2nd street towards Kirby in West Point. Credit: Kara Jackson
2nd street towards Kirby in West Point. Credit: Kara Jackson

By Gene Petriello - bio | email

WEST POINT, VA (WWBT) - Several rivers in the areas east of Richmond near the York River are overflowing their banks, leaving homes surrounded by water. This as neighbors are pulling together to watch the homes of people from Richmond and beyond who can not make it down east this week. 

The water simply didn't stop coming. It just keeps on creeping up, surrounding the homes, Iincluding the home of Richmonder Chris Townsend.

We couldn't even make our way over to interview him.
"When we went to bed, everything was fine. But, now, it's like we're on a boat," says Chris.

Things were getting so bad, he had to brave the rising water surrounding his dock, "putting the boat up, taking all the electronics off. I think we're going to try to get out of here."

On top of that, the entire community here is checking on their neighbors' homes; people back in Richmond and beyond who just can't make it down here.
"We're just watching their boat. There's an elderly neighbor. We're keeping an eye on their house," says Brian Heid, whose home we could not get to either to interview him.  
The big concern is that the water will continue to rise, especially tonight at the next high tide.
Once the storm passes, the big problem now is cleaning up this mess. That'll include picking up the bottles and sweeping up. It's a lot of work that needs to be done in the coming days.
Here's why: the rivers are literally not stopping, docks are underwater, boats tied up and debris is everywhere. The wind is tossing things all over the ground.

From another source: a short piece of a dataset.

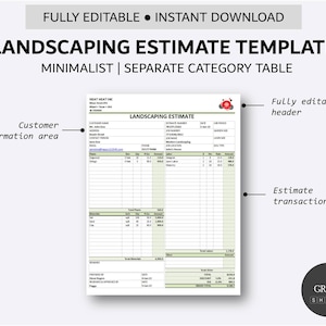 Printable Landscaping Estimate Template for Excel and Google Sheets

It's the heart of the storm for Harry Whitt and his neighbors, including some who just couldn't make it down.

"It's old hat for people that don't have to put up with it. Those of us who have to put up with it, it's always an adventure and you never get too used to it," says Harry.
The unknown is just how high the water will get and the damage it'll bring.
"It's just a pain. You know, you got to pick up, clean up," says Harry. 
Not only his yard, but others as well.
"It's a big inconvenience right now, but it's not like we're losing property," says Brian.

It's the property of others that floats in the water, turning streets into lakes, trapping Chris.

"It's just mother nature. You can't control it. It's just rolling with the tide," adds Chris. 

A tide, that everyone here is hoping will soon turn, so the cleanup can begin. This, as they hope things don't get any worse.

"You have to clean up, clean the yard. But that's the price you have to pay for living on the river," Harry tells us. 

The clean up is something he's not looking forward to, "but it's something you just got to do. That's what the weekends are for."
One example of the clean up to come is logs from Chris' dock, that are floating about 40 yards away from his home.